Von Alexander Völkel
Eine scheinbar ganz normale WG – die drei Bewohner haben vieles gemeinsam: Sie sind alle 18 Jahre alt und sind befreundet, lernen alle drei Bäcker und teilen sich eine preiswerte Wohnung in der Nordstadt. Scheinbar normal. Doch Endri, Ildis und Albi haben noch eine Gemeinsamkeit: Sie kommen aus Albanien. Und für Jugendliche aus dem ärmsten Land Europas ist es alles andere als normal, in Deutschland einen Ausbildungsplatz zu bekommen. Denn sie sind – ganz schlicht ausgedrückt – von der deutschen Politik hier unerwünscht. Wir erzählen ihre Geschichte.
Für zigtausende junge Flüchtlinge gibt es keine realistische Bleibeperspektive
Es gibt tausende Jugendliche aus Albanien in Deutschland. Die wenigsten von ihnen haben nach dem 18. Lebensjahr eine Bleibeperspektive. Denn die deutsche Politik hat ihr Land im Herbst 2015 zum sicheren Herkunftsland erklärt.

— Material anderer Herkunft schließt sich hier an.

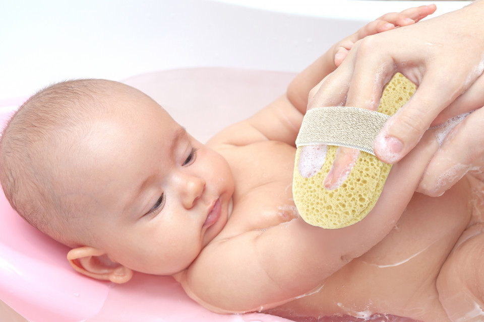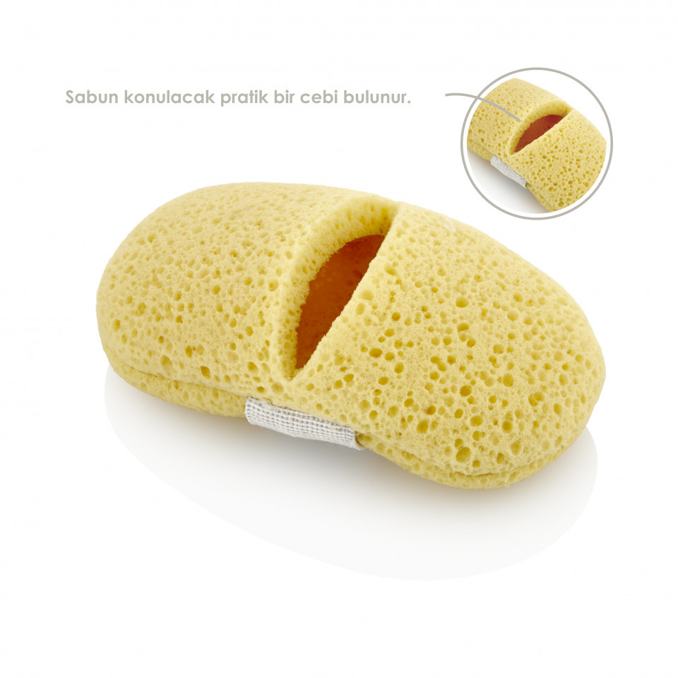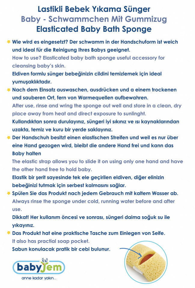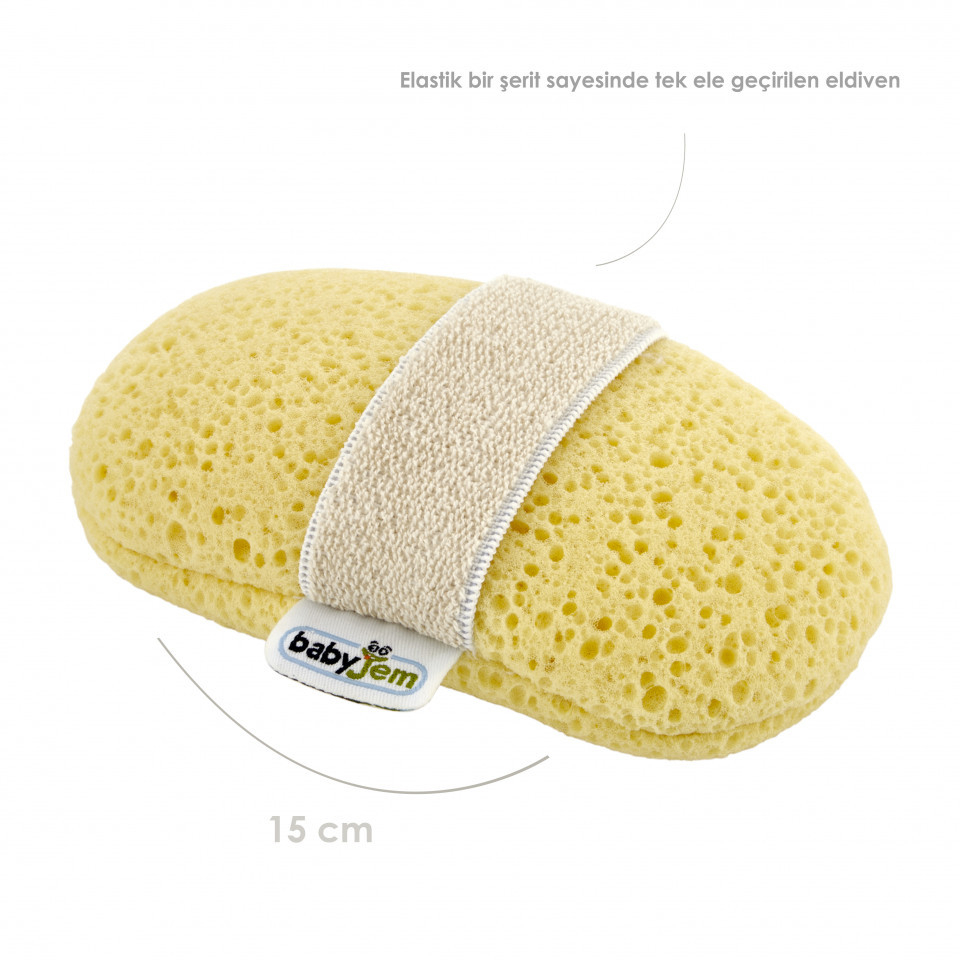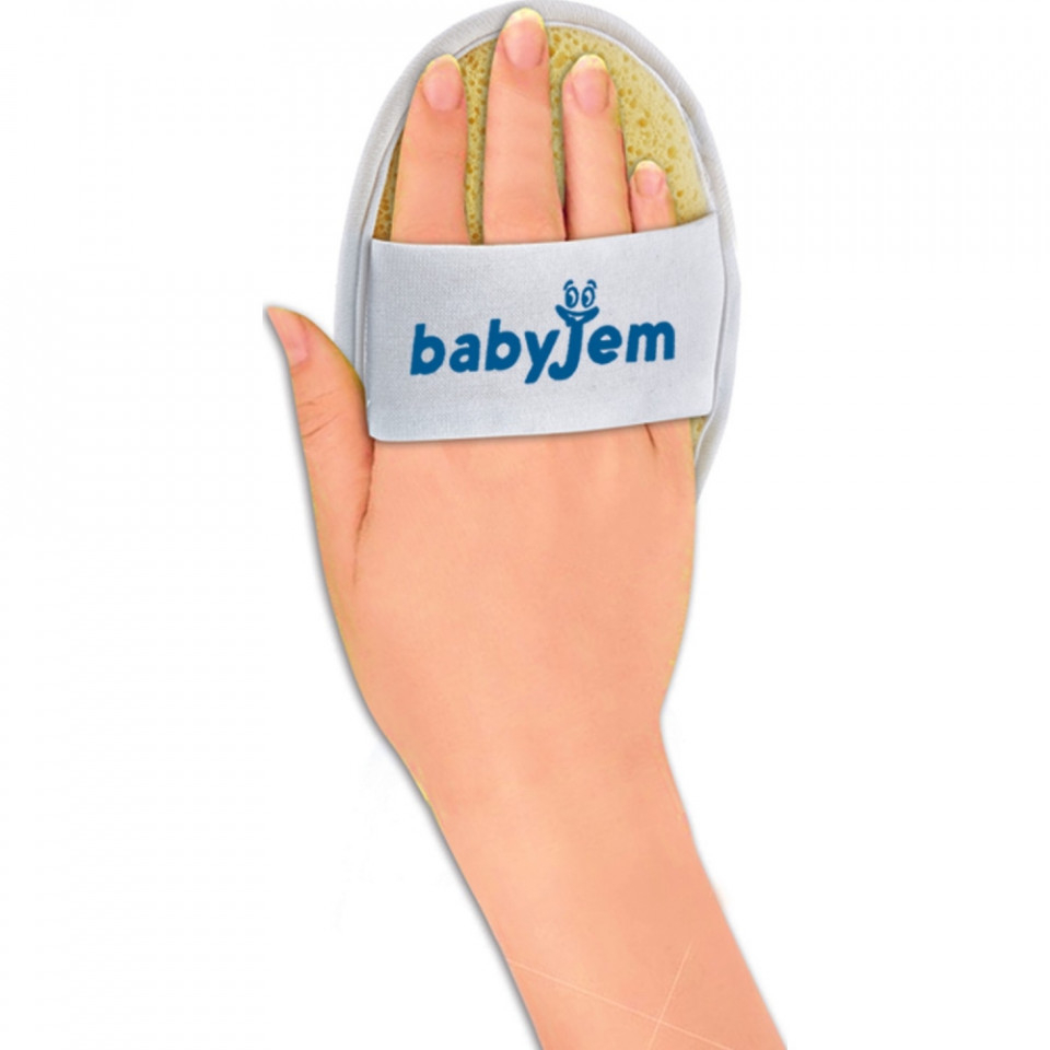 *Se potriveste perfect pe configuratia mainii datorita elasticului situat pe una dintre fetele buretelui, lasand cealalta mana libera pentru sustinerea bebelusului.

Eine Chance auf Asyl – und damit einen legalen Aufenthalt – besteht damit faktisch nicht mehr. Ein Schicksal, welches zigtausende Jugendliche aus anderen vermeintlich sicheren Herkunftsländern teilen.
Dass sie dennoch eine berufliche Perspektive in Deutschland bekommen, dafür müssen sie unglaublich viele Hürden überwinden. Alleine hätten sie wahrscheinlich keine Chance. Doch sie standen nicht allein – das Ausbildungscoaching der Grünbau in der Nordstadt hat sie und fast 300 andere junge Flüchtlinge und ZuwandererInnen begleitet.
Seit 26 Jahren kümmert sich die Grünbau GmbH um die Qualifizierung und berufliche Wiedereingliederung von Langzeitarbeitslosen und Jugendlichen ohne Ausbildung. Dabei macht sie von jeher keine Unterschiede, woher die Hilfesuchenden kommen – anders als der Gesetzgeber.
Ein neuer Ausbildungsfonds will bürokratische Härten abfedern helfen
Gemeinsam mit der Stiftung Soziale Stadt und anderen Unterstützern hat sie daher ein Programm für Flüchtlinge und Zugewanderte aufgelegt, das die Barrieren beim Zugang in Ausbildung und Arbeit abfedern soll: Es geht um einen Ausbildungsfonds.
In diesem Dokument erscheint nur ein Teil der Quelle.